Cheques and post office money orders are accepted.  Sorry, no credit cards (so no need to reveal your card number).
No tax ... we are tax-exempt. Online orders include shipping and handling.
Robin Hilborn is editor and publisher of the Family Helper series (now incorporating Adoption Helper and Post-adoption Helper).

Conference 2002 is also available (no. 41) at a discount ($9) when you order four or more titles from the Family Helper series. See the form at Family Helper, and choose the editions you'd like to order.


Excerpts from Conference 2002


From "An Appreciation" by Leceta Chisholm Guibault:

Nov. 28, 2002 -- I just returned from Toronto after three exceptionally educational and emotional days attending the "Planting the Seeds of Change" adoption conference. ...

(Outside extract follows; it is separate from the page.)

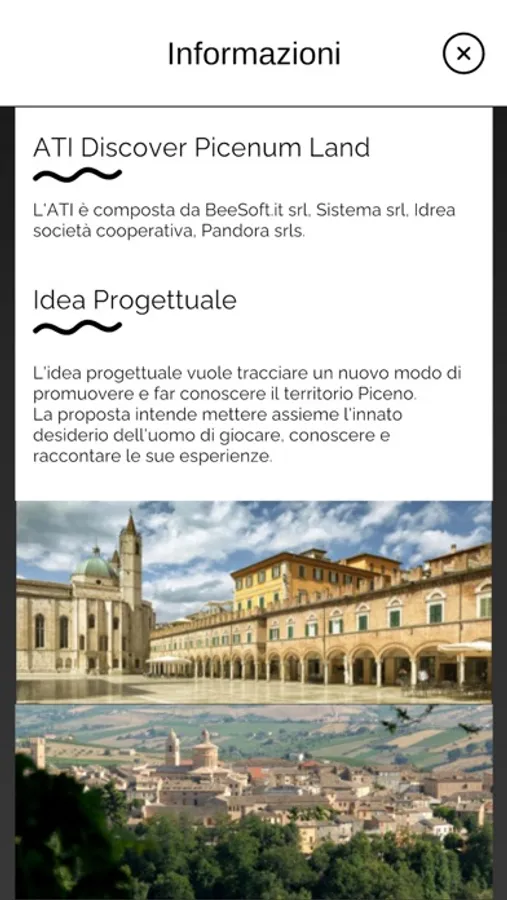 Si tratta di un gioco digitale itinerante che utilizza enigmi, indovinelli e rebus per far scoprire ai giocatori/utenti luoghi meravigliosi e poco conosciuti del territorio Piceno, oltre a suggerire loro sconti e promozioni di prodotti e servizi locali.

... On Thursday afternoon I found myself, once again, teary-eyed in a workshop by Dr. Michael Trout. At least I was not alone! I was with two other adoptive mothers pretty much lost in a sea of social workers and other professionals except for the sounds of our whimpers. Again he focused on how a lack of attachment can sometimes lead to disruption of an adoption, a development of "a false self" and other changes in social behavior throughout life. Dr. Trout shared with the group a number of case studies and we viewed two different videos. All were heart breaking. ...


From "When Adoptions Break Down" by Marie Adams:

In 1973 Marie and Rod Adams, brimming with idealism and keenly aware of the plight of disadvantaged aboriginal children, adopted Tim, a young Cree boy, two-and-a-half years old. Tim began displaying severe behavioural problems almost immediately, problems that, despite their efforts to find help, only became worse over the years. He left home at the age of 12 and died on the streets of Toronto when he was 21. Devastated by their loss, the Adams began to search for answers as to why things had gone so horribly wrong. ...


From "Understanding the Search" by Patricia Martinez Dorner:

In keeping with societal norms, which promoted closed adoptions, a veil of secrecy was considered vital for the well being of all concerned, especially the adoptive family. Secrecy would prevent the birthparents from intruding and would allow the family to integrate into the larger community as though the children had been born to the adoptive parents. Thus, an adversarial model was created where in order to join a family by adoption, one had to obliterate the family by birth. ...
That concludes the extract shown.